Semantic Search with Phoenix, Axon, Bumblebee, and ExFaiss

karolist · on Feb 15, 2023

I've been learning Elixir for the past few months for personal projects and it's been a delight. Happy to see the ecosystem growing. For those unaware, Elixir came 2nd as most loved language in StackOverflow developer survey last year (after Rust, of course), and Phoenix was the most loved web framework.

https://survey.stackoverflow.co/2022/#technology-most-loved-...

fredliu · on Feb 15, 2023

Have been a fan of Elixir and its ecosystem for web dev. However, I haven't wrapped my head around the core value proposition behind Elixir's recent "pivot" to AI/numeric computing. Can someone shed more light on "why Elixir" for AI/numeric computing?

victorbjorklund · on Feb 15, 2023

It shouldn't be seen as pivot to AI or trying to compete with say Python. It probably more should be seen as letting existing elixir developers/projects use AI in the projects without having to bring in another language like python. Thus avoiding the need to learn python / dealing with the complexities of having multiple languages in your app.

pmarreck · on Feb 15, 2023

Anyone who has fallen in love with Ruby or Elixir but who knows enough Python to want to avoid it, is disappointed that Python got "picked" as the ML scripting language (or the bioinformatics scripting language, but I digress). I'm glad Elixir chose to go this route, as it's much more deserving of this role IMHO.
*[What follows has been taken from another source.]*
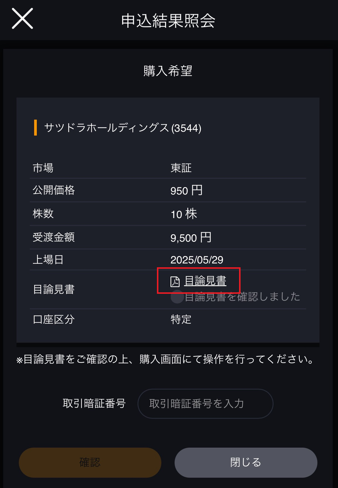 IPOで当選した銘柄の目論見書は、どこで確認できますか?
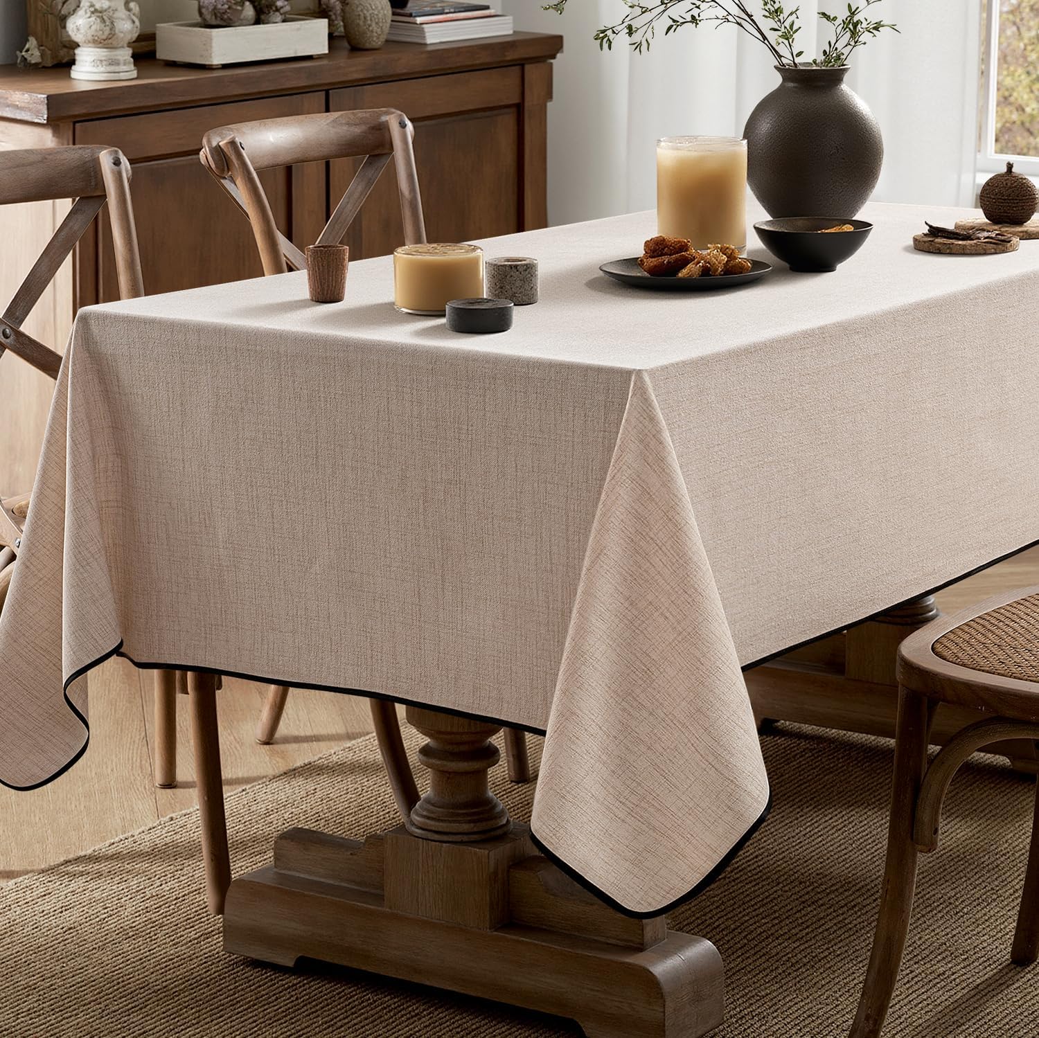 MIULEE Natural-Black Linen Tablecloth 60x104 Inch Rectangle Table Cloth Waterproof,Stain Resistant & Wrinkle Resistant for Dining Party Wedding

billchristian · on Feb 15, 2023

This recent Elixir Conf video by Chris Grainger does an excellent job articulating the benefits he saw in switching to a Elixir-based AI stack.
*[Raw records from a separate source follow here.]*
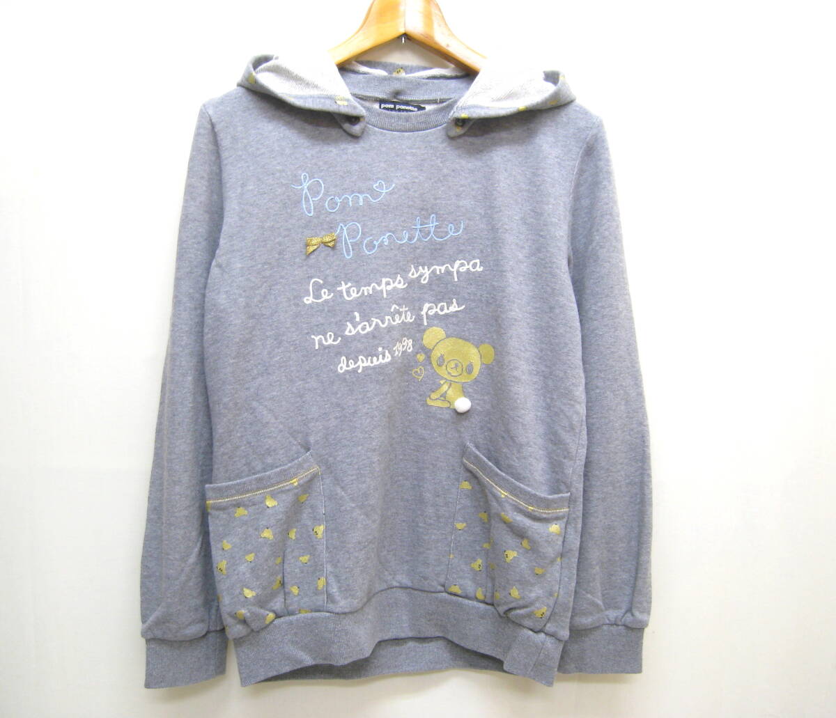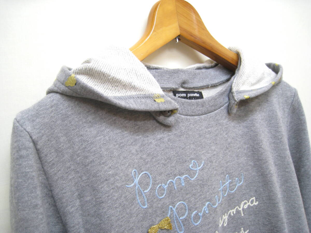 ★pom ponette◆ポンポネット スウェット トレーナー パーカー 取外しフード 刺繍 プリント キッズ サイズL/160★ | ||||
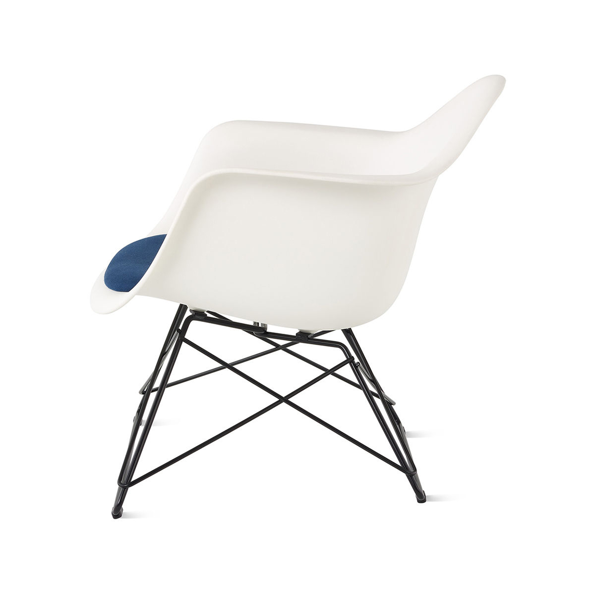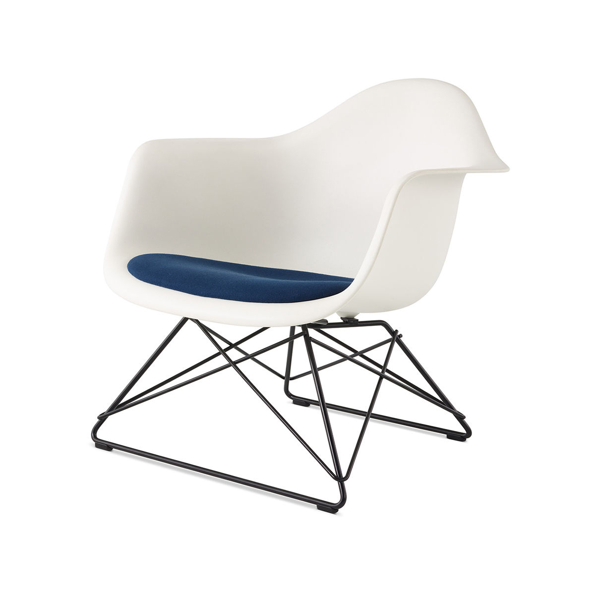 在 MoMA 1948 年國際低成本傢俱設計競賽中,Charles 和 Ray Eames 設計的一體成型椅殼原型獲得獎項,兩年後Herman Miller 推出了 Eames 模壓椅,並提供五種獨特椅腳選擇,其中一種因歷史原因一度失傳的 LAR(Low Armchair Rod Base)底座且發展出「Cat's Cradle(貓咪搖籃)」的暱稱,將這款多用途的一體成型扶手椅轉變為低座休閒椅,至今仍深受收藏家喜愛,現在也重新推出,Eames 低鐵線底座椅可支援所有扶手椅椅殼,並提供布面、非布面或座墊款式。
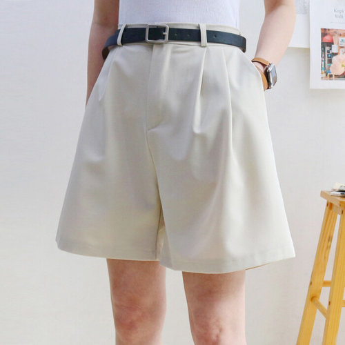 레이츄 / 벨트 세트 핀턱 와이드 밴딩 정장 반바지 (4컬러)
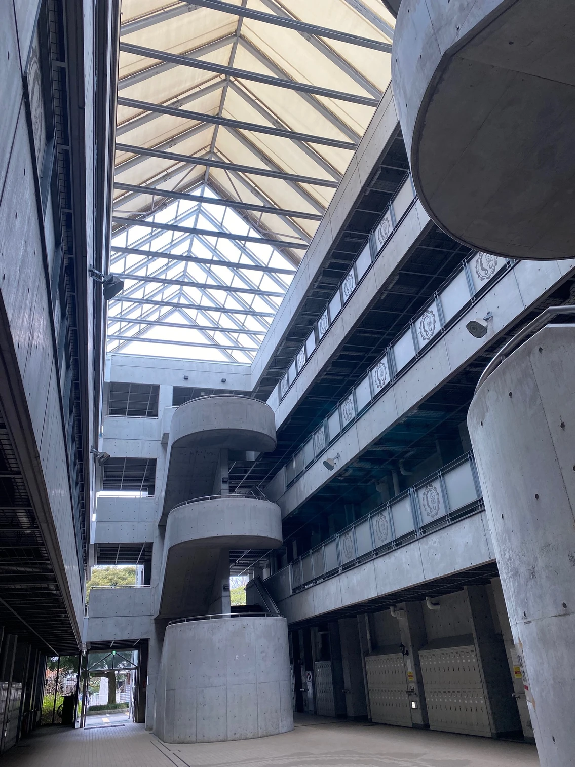 こちらの写真は現在の講義棟(中央2号館、旧・S棟)の様子です。現在の講義棟は、1996年に建設されたものです。それまでは、1960年代の小金井キャンパス造成の際に建設された一般講義棟(一号館から四号館)がありました。

https://www.youtube.com/watch?v=Y2Nr4dNu6hI

PaulHoule · on Feb 15, 2023

I want so bad to see an article like this where somebody does some tests to see if the search results are any good.

itake · on Feb 15, 2023

I’ve played around with semantic search tools and the results were not great. This article [0] compares the model used in the above post with openai’s model.

[0] - https://medium.com/@nils_reimers/openai-gpt-3-text-embedding...

mrdoops · on Feb 15, 2023

It's good, but these models are general purpose starting points - they expect and recommend fine tuning to get excellent results.

andy_ppp · on Feb 15, 2023

Is there ever going to be a way to distribute training - I would think this is the only way open models will eventually be able to exist and not just be owned by Microsoft, Google, Facebook and AWS.

jessfyi · on Feb 15, 2023

The BigScience team (a working group of researchers that trained the BLOOM-176B LLM last year) released Petals [0][1] which allows distributed inference and fine-tuning of BLOOM, with the option to pick a custom model + private swarm. SWARM [2][3] is a WIP from yandex and UW that shares some of the same codebase, but is for distributed training.

[0] https://petals.ml/ [1] https://github.com/bigscience-workshop/petals [2] https://github.com/yandex-research/swarm [3] https://twitter.com/m_ryabinin/status/1625175933492641814

mrdoops · on Feb 15, 2023

There almost surely will and Elixir/OTP is going to do it best.

nerdponx · on Feb 15, 2023

Training is distributed already, but over a big cluster of machine in a data center.

I've always wanted there to be something like BOINC/Gridcoin for fitting these giant neural networks.